February 18, 2009 at 11:42 am
I would be curious if you looked at the statistics io if they are the same on both machines. They should be but my thinking is that perhaps the new server is doing some Physical reads that the old machine was not doing, which could certainly cause some extra time to complete.
I am also curious if the new server has more than one SQL instance running? If so perhaps you are not able to use all of the memory that is allocated to the machine and that could also cause an issue with performance if the old server was dedicated.

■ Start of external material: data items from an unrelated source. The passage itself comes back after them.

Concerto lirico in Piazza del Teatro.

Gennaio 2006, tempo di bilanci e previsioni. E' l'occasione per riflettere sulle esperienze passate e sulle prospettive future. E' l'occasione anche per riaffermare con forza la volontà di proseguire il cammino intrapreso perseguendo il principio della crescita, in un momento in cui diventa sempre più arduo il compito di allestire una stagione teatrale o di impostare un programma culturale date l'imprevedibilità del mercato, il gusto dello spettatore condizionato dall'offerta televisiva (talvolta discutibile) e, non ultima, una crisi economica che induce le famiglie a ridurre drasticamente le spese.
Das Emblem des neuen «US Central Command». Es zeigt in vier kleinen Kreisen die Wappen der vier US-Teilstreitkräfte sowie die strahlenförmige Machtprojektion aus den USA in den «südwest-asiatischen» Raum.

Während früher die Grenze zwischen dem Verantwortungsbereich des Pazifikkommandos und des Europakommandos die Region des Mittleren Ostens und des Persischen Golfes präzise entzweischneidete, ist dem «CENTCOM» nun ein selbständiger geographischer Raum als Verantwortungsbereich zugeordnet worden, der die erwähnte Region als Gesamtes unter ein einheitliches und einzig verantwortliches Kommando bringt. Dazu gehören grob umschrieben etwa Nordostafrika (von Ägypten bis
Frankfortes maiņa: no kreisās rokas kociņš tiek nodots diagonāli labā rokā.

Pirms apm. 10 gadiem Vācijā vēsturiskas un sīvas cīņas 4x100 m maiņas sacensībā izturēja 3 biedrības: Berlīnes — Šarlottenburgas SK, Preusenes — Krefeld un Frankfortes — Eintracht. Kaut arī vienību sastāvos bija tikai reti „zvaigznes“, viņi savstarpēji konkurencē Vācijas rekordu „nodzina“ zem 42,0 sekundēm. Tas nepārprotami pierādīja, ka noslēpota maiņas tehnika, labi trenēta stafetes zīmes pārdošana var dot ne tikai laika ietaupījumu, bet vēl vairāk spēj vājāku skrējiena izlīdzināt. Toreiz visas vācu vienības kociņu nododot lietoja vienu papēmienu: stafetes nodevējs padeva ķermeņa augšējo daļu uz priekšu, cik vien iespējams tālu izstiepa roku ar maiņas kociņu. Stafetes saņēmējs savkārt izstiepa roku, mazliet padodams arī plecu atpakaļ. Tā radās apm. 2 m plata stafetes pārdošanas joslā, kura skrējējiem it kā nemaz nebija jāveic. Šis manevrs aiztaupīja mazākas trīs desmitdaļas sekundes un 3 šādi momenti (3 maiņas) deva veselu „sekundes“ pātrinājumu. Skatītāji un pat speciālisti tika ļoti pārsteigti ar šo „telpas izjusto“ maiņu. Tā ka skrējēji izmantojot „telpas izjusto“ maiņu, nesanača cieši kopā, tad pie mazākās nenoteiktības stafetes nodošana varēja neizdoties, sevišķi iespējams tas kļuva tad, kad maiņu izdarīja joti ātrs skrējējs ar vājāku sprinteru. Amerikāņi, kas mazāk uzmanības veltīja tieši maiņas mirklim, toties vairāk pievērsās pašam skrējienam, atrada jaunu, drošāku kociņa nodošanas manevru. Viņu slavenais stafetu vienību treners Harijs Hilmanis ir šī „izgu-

It may also be worth looking into the type of disk drives that the database is sitting on and number of them as that can affect performance in terms of the amount of IO that you can do during a period of time. You mention you were not on raid on one environment but were on another. Which one was which (old or new) and what is the RAID configured to be? If the new one is on a RAID (and I am guessing on a SAN) perhaps the SAN itself is not configured to handle requests correctly (perhaps it has Write Cache set really high and Read Cache set really low).
The issue screams hardware, but anything is possible.
February 18, 2009 at 12:05 pm
skt5000 (2/18/2009)
Unfortunately, still at 30 secsJim
And are you still seeing parallelism in the execution plan?
There has to be something going on, something different. If you simply air drop a database onto a new piece of hardware and everything else is exactly the same, you shouldn't see a radical decrease in performance. So, there's a difference somewhere that is negatively impacting you. Have you checked the server settings between both machines, not just the database settings? Are the log & data files on the same drive? What drives were they on in the old system? Something is up. Has to be.
"The credit belongs to the man who is actually in the arena, whose face is marred by dust and sweat and blood"
- Theodore Roosevelt
Author of:
SQL Server Execution Plans
SQL Server Query Performance Tuning
February 18, 2009 at 12:05 pm
noeld (2/18/2009)
Did you update the stats "WITH FULLSCAN, ALL" ?
Yes, I did.
February 18, 2009 at 12:16 pm
Mike (2/18/2009)
I would be curious if you looked at the statistics io if they are the same on both machines. They should be but my thinking is that perhaps the new server is doing some Physical reads that the old machine was not doing, which could certainly cause some extra time to complete.I am also curious if the new server has more than one SQL instance running? If so perhaps you are not able to use all of the memory that is allocated to the machine and that could also cause an issue with performance if the old server was dedicated.
It may also be worth looking into the type of disk drives that the database is sitting on and number of them as that can affect performance in terms of the amount of IO that you can do during a period of time. You mention you were not on raid on one environment but were on another. Which one was which (old or new) and what is the RAID configured to be? If the new one is on a RAID (and I am guessing on a SAN) perhaps the SAN itself is not configured to handle requests correctly (perhaps it has Write Cache set really high and Read Cache set really low).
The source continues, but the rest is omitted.